Крышка, причина столь многих беспокойств, побеждена. Ваза окончена.
«Сначала она хотела причинить какой-нибудь вред», — замечает Зелот.
«Да! Затем оно было убеждено. Упрямое дерево!» — говорит Фома.
«Железом, огнем и болью. Это звучит подобно одной из тех лаконичных фраз, столь дорогих римлянам», — утверждает Зелот.
«Это мне напоминает, я не знаю почему, пророков в определенных частях. Мы тоже упрямое дерево… и будет применено железо, огонь и боль, чтобы мы стали хорошими?» — спрашивает Варфоломей.
«Это действительно будет так. И этого будет еще не достаточно.
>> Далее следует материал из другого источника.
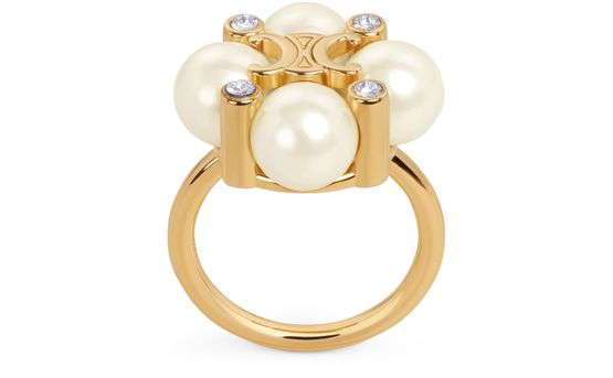 Adoptez la bague Les Perles Celine en strass, ornée de perles en résine et de laiton avec finition dorée. Cette création incarne le raffinement moderne avec audace.

Я работаю железом и Моей печалью, но не каждое сердце может подражать этому куску дерева… 3. Замолчите! Там кто-то снаружи… слышно шарканье ног…»
Они прислушиваются. Не слышно никакого шума. «Это, наверное, был ветер. Учитель. В огороде сухие листья…»
«Нет. Это были шаги…»
«Ночное животное. Я ничего не слышу».
«И я ничего не слышу, и я…»
«Иисус вслушивается. Он, кажется, услышал. Затем Он смотрит вверх и пристально смотрит на Иуду из Кериофа, который также очень внимательно вслушивается. Более, чем кто-нибудь другой. Он глядит на него так внимательно, что Иуда спрашивает: «Почему Ты на меня так смотришь, Учитель?»
Но ответа не последовало, потому что чья-то рука постучалась в дверь. Из четырнадцати лиц, освещенных лампадами, только лицо Иисуса осталось таким, каким было. Остальные переменили свой цвет.
«Открой, открой дверь, Иуда из Кериофа!»
«Нет, я не открою! Это могут быть злые люди, преднамеренно пришедшие ночью. Да не буду я тем, кто может причинить Тебе вред!»
«Симон Ионин, открой ее, пожалуйста».
«Меньше, чем когда-либо! Напротив, я собираюсь придвинуть к двери стол!» — говорит Петр и собирается сделать это.
«Открой, Иоанн, и не бойся».
«О! Если Ты действительно желаешь позволить людям войти, то я иду в комнату старика. Я не желаю видеть чего-либо», — говорит Искариот, покрывая четырьмя большими шагами пространство между ним и дверью комнаты старика, в которой он исчезает.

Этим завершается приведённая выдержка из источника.